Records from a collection
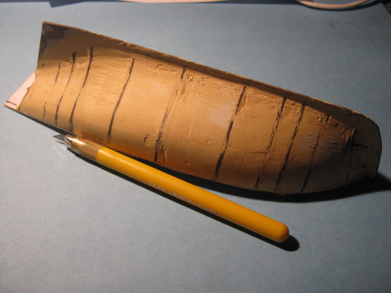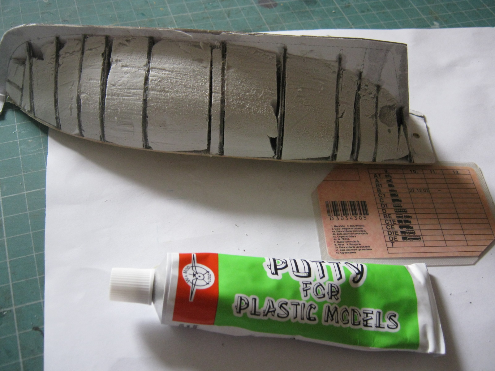 [EDIT]: Nie mogłem kłaść szpachlówki Wamod bezpośrednio na piankę bo szpachlówka ją wyżerała. Na piankę najpierw szła szpachla do drewna, później po oszlifowaniu szpachli warstwa rozrzedzonego wikolu, na to papierowe pierwsze poszycie z wycinanki, które później nasączyłem superglue a na sam koniec na dopieszczenie szpachlówka wamodu.
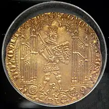 Cependant, les Français invoquent la loi salique et dénigrent ses revendications en reconnaissant le neveu de Philippe IV, Philippe VI, de la maison des Valois, comme véritable héritier. En réponse, Édouard se déclare, en à Gand, lui-même roi d'Angleterre et de France. En incorporant ses propres armoiries anglaises, les trois léopard d'or sur champ de gueules, aux armoiries de la France, les trois lys, d'or sur champ d'azur, il présente un nouveau blason personnel, marquant sa revendication des deux royaumes[21], et date alors ses actes « de la quatorzième année de (son) règne en Angleterre et de la première en France »[22]. Pour faire valoir ses droits, il entre en conflit armé avec la France, marquant ainsi le début de la guerre de Cent Ans.
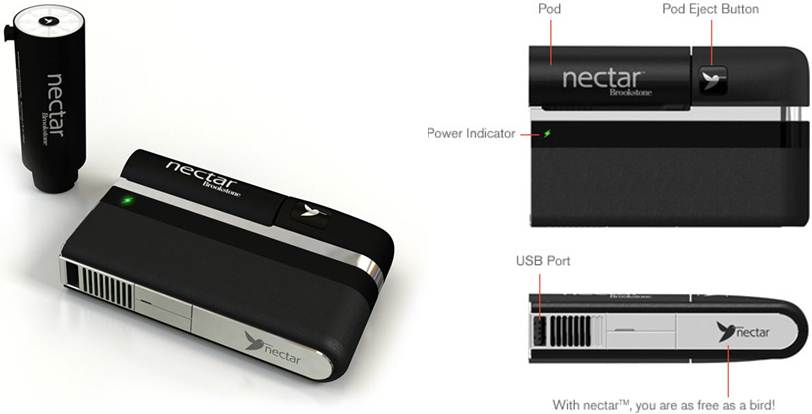 The Nectar uses a solid oxide thin film fuel cell (SOFC) to generate a +5 volt charge to any device plugged into it. It can power a wide range of electronic devices through its USB 2.0-compatible port. Each Power Pod stores 55,000 MW-hours of energy in a single cartridge.
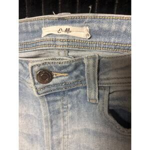 Cello Women’s Distressed Jeans Size 9/29 Button Fly Stretch Blue Denim 27.5”
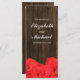 A country themed wedding program featuring red roses on a rustic dark brown barn wood background. Easily customize for your event.
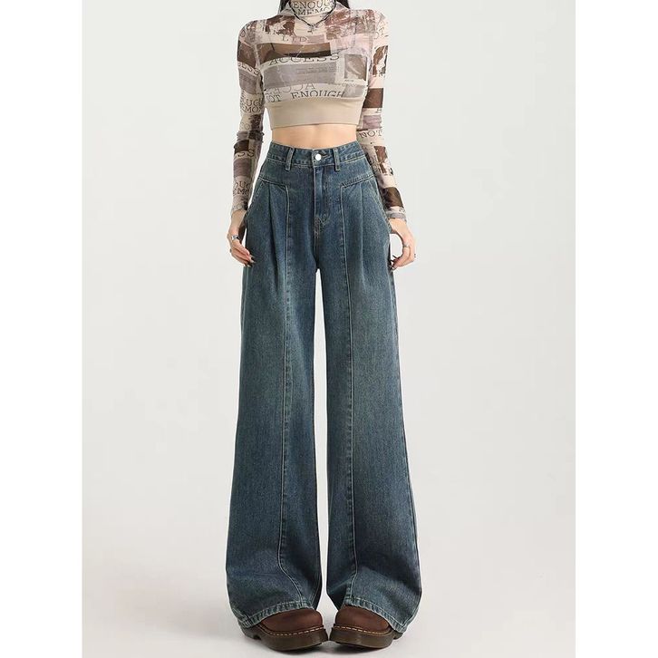 Jeans Kaki Lebar Vintage Untuk Wanita Celana Lurus Pinggang Tinggi Kebesaran
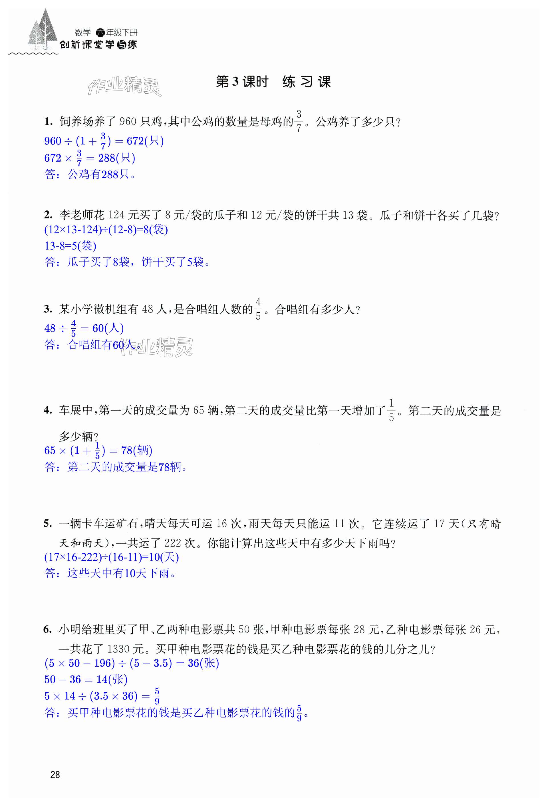 注:目前有些书本章节名称可能整理的还不是很完善,但都是按照顺序排列的,请同学们按照顺序仔细查找。练习册 2024年创新课堂学与练六年级数学下册苏教版 答案主要是用来给同学们做完题方便对答案用的,请勿直接抄袭。
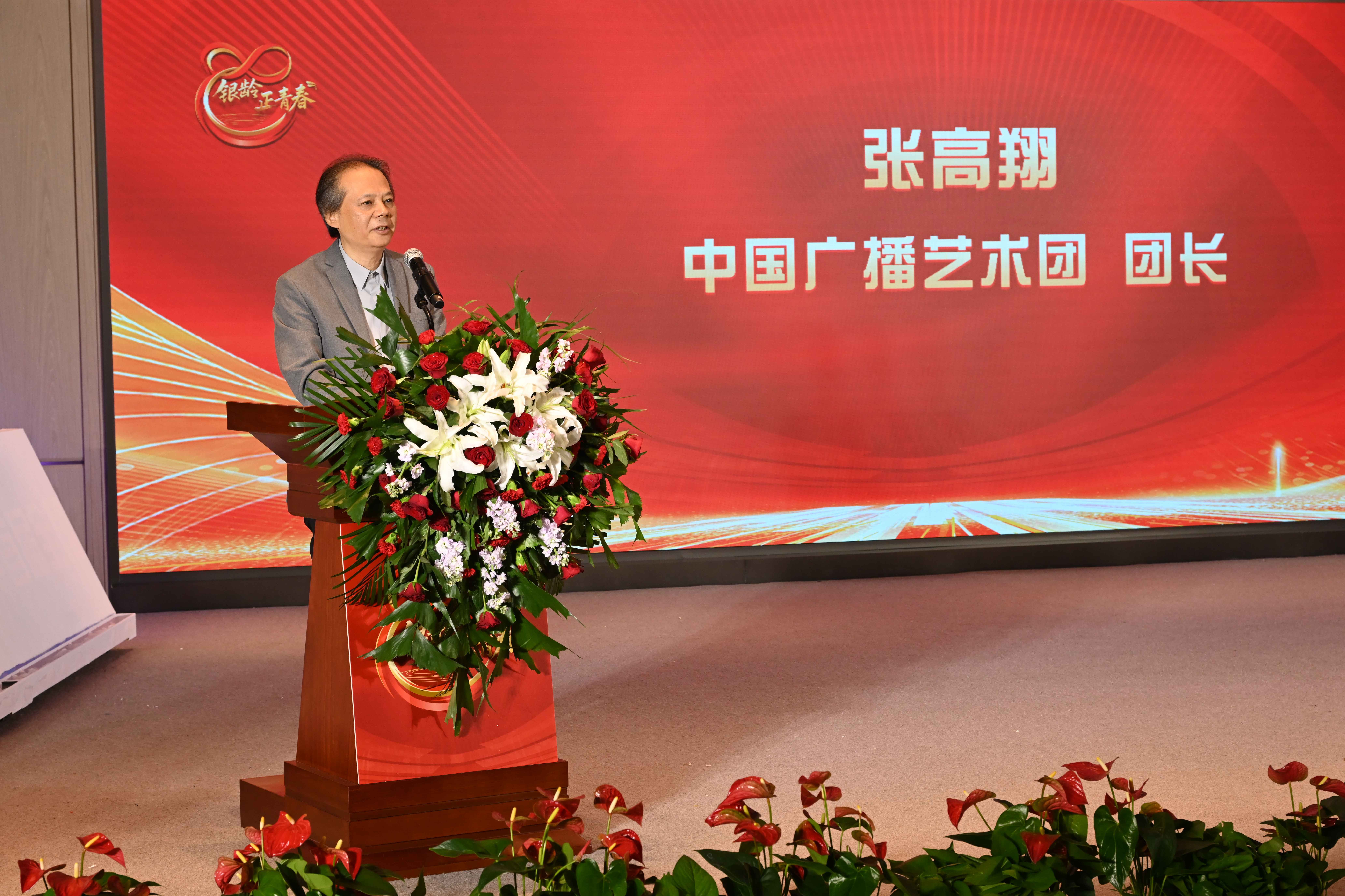 中国广播艺术团团长张高翔发表致辞。《银龄正青春——2026年首届全国中老年人才艺大会》坚持“以人民为中心”,大力弘扬孝亲敬老传统美德。大会通过线上线下全方位的互动模式,为广大中老年人搭建一个具有广泛影响力的才艺展示舞台,打造一场覆盖全国、辐射多平台的中老年艺术盛会。

REQUIRED WORK:
Once the pictures are set aside, the remaining data must be transcribed exactly.

RESPONSE:
 [EDIT]: Nie mogłem kłaść szpachlówki Wamod bezpośrednio na piankę bo szpachlówka ją wyżerała. Na piankę najpierw szła szpachla do drewna, później po oszlifowaniu szpachli warstwa rozrzedzonego wikolu, na to papierowe pierwsze poszycie z wycinanki, które później nasączyłem superglue a na sam koniec na dopieszczenie szpachlówka wamodu.
 Cependant, les Français invoquent la loi salique et dénigrent ses revendications en reconnaissant le neveu de Philippe IV, Philippe VI, de la maison des Valois, comme véritable héritier. En réponse, Édouard se déclare, en à Gand, lui-même roi d'Angleterre et de France. En incorporant ses propres armoiries anglaises, les trois léopard d'or sur champ de gueules, aux armoiries de la France, les trois lys, d'or sur champ d'azur, il présente un nouveau blason personnel, marquant sa revendication des deux royaumes[21], et date alors ses actes « de la quatorzième année de (son) règne en Angleterre et de la première en France »[22]. Pour faire valoir ses droits, il entre en conflit armé avec la France, marquant ainsi le début de la guerre de Cent Ans.
 The Nectar uses a solid oxide thin film fuel cell (SOFC) to generate a +5 volt charge to any device plugged into it. It can power a wide range of electronic devices through its USB 2.0-compatible port. Each Power Pod stores 55,000 MW-hours of energy in a single cartridge.
 Cello Women’s Distressed Jeans Size 9/29 Button Fly Stretch Blue Denim 27.5”
 A country themed wedding program featuring red roses on a rustic dark brown barn wood background. Easily customize for your event.
 Jeans Kaki Lebar Vintage Untuk Wanita Celana Lurus Pinggang Tinggi Kebesaran
 注:目前有些书本章节名称可能整理的还不是很完善,但都是按照顺序排列的,请同学们按照顺序仔细查找。练习册 2024年创新课堂学与练六年级数学下册苏教版 答案主要是用来给同学们做完题方便对答案用的,请勿直接抄袭。
 中国广播艺术团团长张高翔发表致辞。《银龄正青春——2026年首届全国中老年人才艺大会》坚持“以人民为中心”,大力弘扬孝亲敬老传统美德。大会通过线上线下全方位的互动模式,为广大中老年人搭建一个具有广泛影响力的才艺展示舞台,打造一场覆盖全国、辐射多平台的中老年艺术盛会。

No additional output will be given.